Now Spiral Jetty is back. Whether absent or present it has always been an anti-monument to Smithson's vision of the world as governed not by the certainties of reason but by the illogic of matter. 'No ideas, no concepts, no systems, no structures, no abstractions could hold themselves together in the actuality [of this site]', wrote Smithson. So if you presume that the return of the earthwork means that all is now crystal-clear, then you had better go and see for yourself how dislocating today's incarnation of Spiral Jetty actually is.
When first glimpsed, the work is still distant and dwarfed by the scale of its surroundings. From this perspective the shape of Spiral Jetty barely holds together, its clustering of white rocks a far cry from the filled-out form that recent aerial photographs convey. Still, those images, along with the rumours of 'something wonderful' that accompany them, have worked their magic: droves of visitors are arriving, often without knowing the who-what-when-why of the work. 'Someone told me I had to go see this Spiral Eddy', reported one young woman, hopping out of her Volkswagen Jetta. One thing is clear: everyone wants to walk the jetty - families, college kids, travellers and locals all arrive by the carload to take their turn spiralling out into the Great Salt Lake, pausing along the way to exchange greetings and compare notes. Sculpture in the expanded field has certainly never had such a following. All this congeniality adds a new twist - friendly faces popping up in what initially looks like a lifeless place.
Given Smithson's preoccupation with such dilapidated landscapes, one would never imagine that Spiral Jetty could be so pretty. Where once was mud and rock is now a brilliant white crust of salt. The reputedly 'red' lake has turned a silvery pink - a rather complicated colour: familiar, domestic and stereotypically feminine, yet born of an eerie, inhospitable saline world. This coupling amplifies the complex temporality of the work - the sense that the place is, to use Smithson's phrase, a 'ruin in reverse'. Spiral Jetty is renewed - awash in pink champagne. Yet the stillness of the barren landscape is of another time and place: the remote past of the Ice Age or a faraway future on the moon. All of these distant moods are mysteriously held together by millions upon millions of tiny salt crystals blanketing the landscape.

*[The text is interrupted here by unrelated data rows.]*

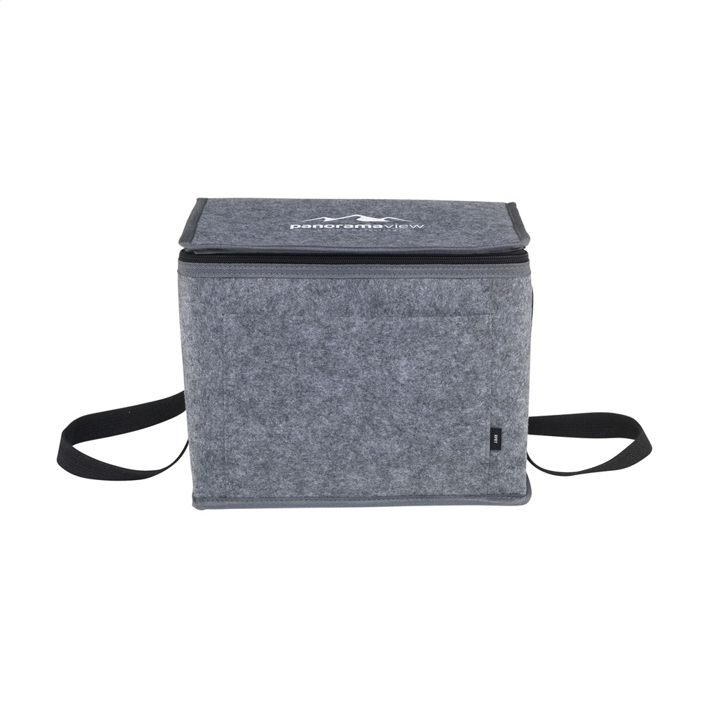 Large cooler bag made from RPET felt. Lining of 100% PEVA. With carrying loops. GRS-certified. Total recycled material: 63%. Capacity approx. 14 litres.
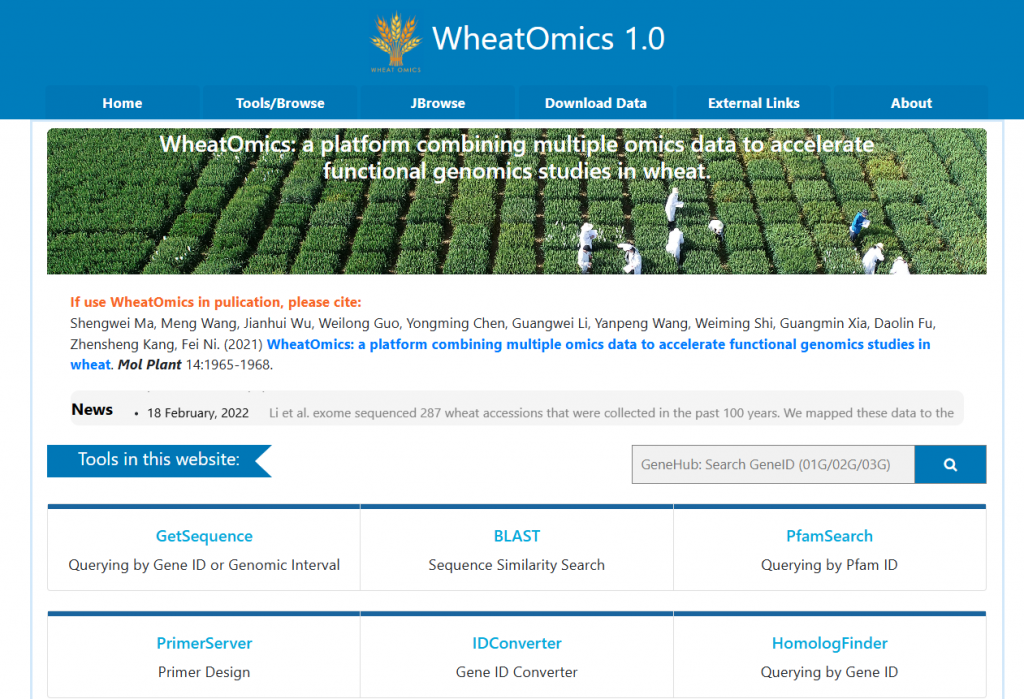☆?小麥組學數(shù)據(jù)在線平臺WheatOmic:實現(xiàn)了對多套麥族物種基因組、轉錄組、變異組、突變體庫外顯子組、表觀修飾組等大數(shù)據(jù)的可視化,并具有擬南芥/水稻-小麥同源基因鑒定、基因共表達網(wǎng)絡構建、蛋白互作、轉錄因子結合位點分析等多個分析工具。
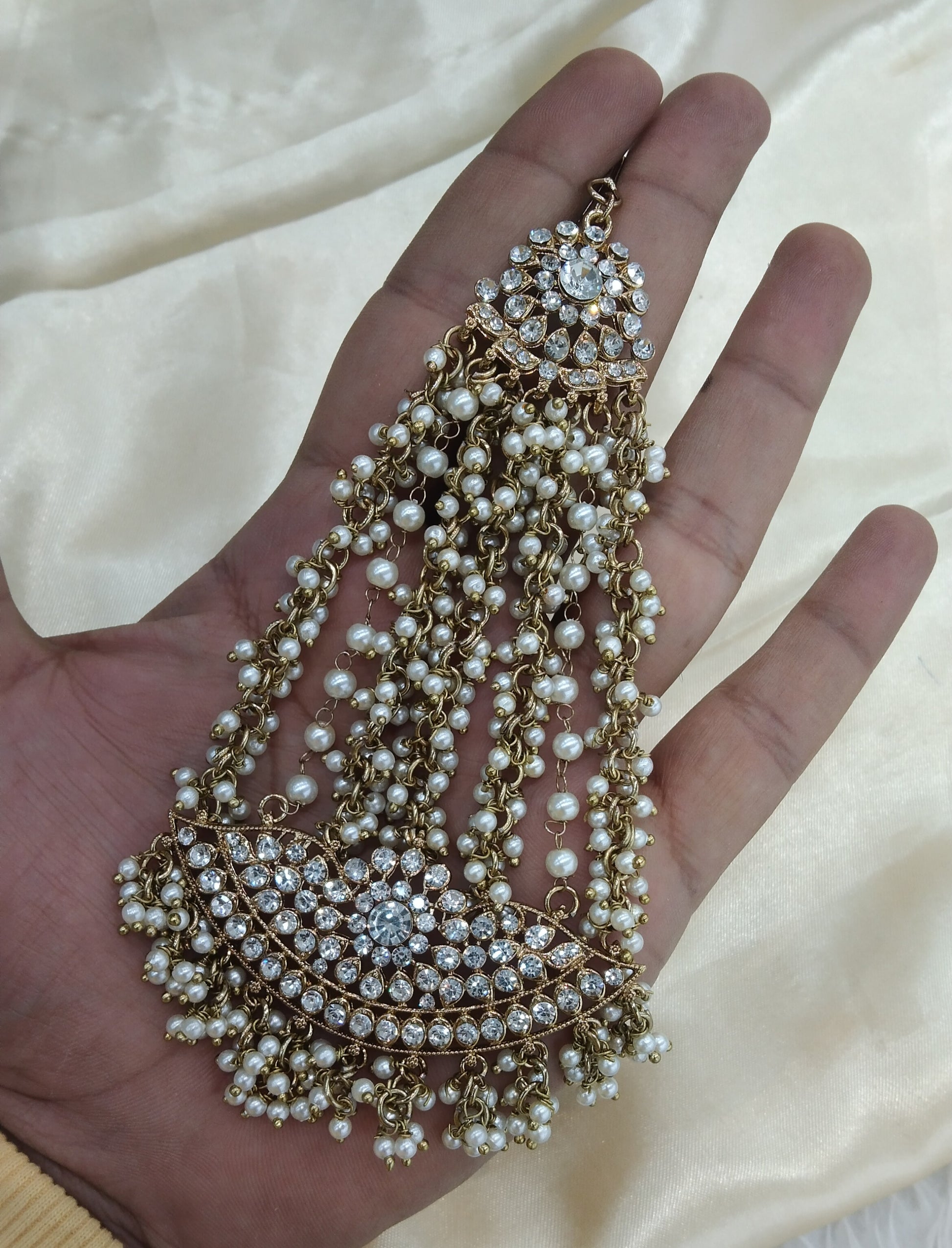 Antique White Crystals Headpassa Jhumar Kundan Jhoomer Jewellery
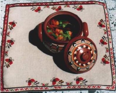 Habituellement, on le prépare dans des pots de terre, c'est de là que vient le nom ("guvétché" en bulgare veut dire "pot" en français). Mais...bon, revenons donc à notre plat au mouton:
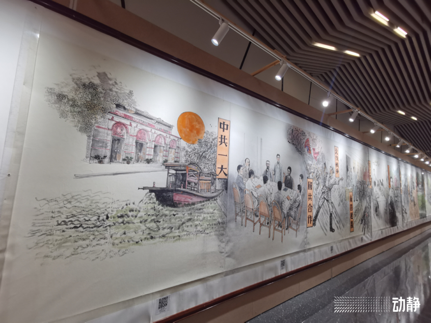 《信仰的红色印记》由海南省文联副主席李福顺创作,画作长达180米,高2米,共104个画面,其中,《遵义会议》《四渡赤水》《挺进大西南》三个主题重现了发生在贵州的重大历史事件。作品采用中国传统水墨画的形式,描绘了建党百年以来的百件重大历史事件。
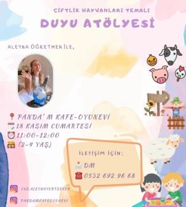 2-4 yaş Çok eğlenceli Çiftlik Hayvanları Temalı Duyu Atölyesinde @cge.aleynayurtseven sizlerle buluşuyor. Sınırlı Kontenjan Rezervasyon ve bilgi için: @pandamkafeoyunevi’ne mesaj atabilir, 0532 692 96 68 numaralı telefonu arayabilirsiniz.
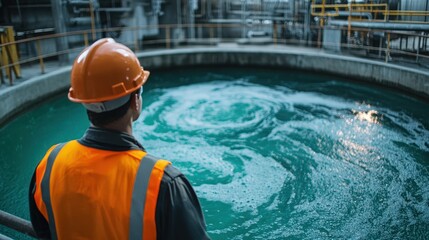 A worker in safety gear observes swirling water in a large industrial tank, emphasizing the importance of safety in a processing facility.
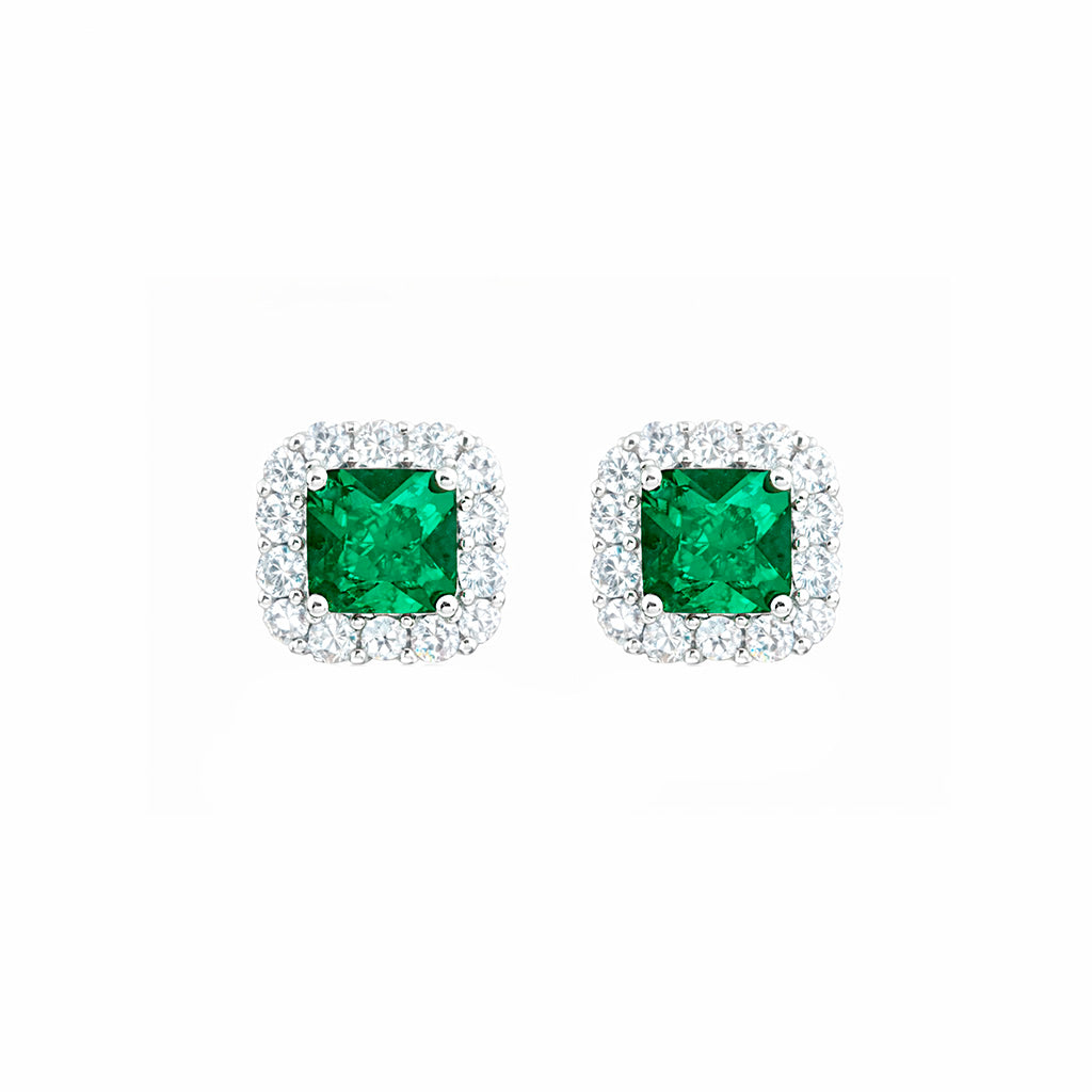 Broqueles cuadrados con esmeralda cultivada y aureola verde - plata 925

The very essence of the work can be found in the logic of these crystalline colonies. Fracturing as it grows, the salt crystal mirrors in miniature the multiple perspectives that the site offers. The journey to the centre of the spiral, for example, is surprisingly long and destabilizing, and once you are knee-deep into Spiral Jetty, lived experience begins to make sense of Smithson's words: 'measurable steps [...] descend from logic [...] logical purity suddenly finds itself in a bog'. It is only when viewed from the ridge high above the lake, amid a scattered field of black rock and dry brush, late enough in the day for to fall under its own shadow, that the work resembles its original incarnation - preserved in the early photographs. From this vantage-point the colour of the lake deepens, the still-submerged ground of the work seems to rise to the surface and you can almost convince yourself that this Spiral Jetty is the one lodged in your imagination.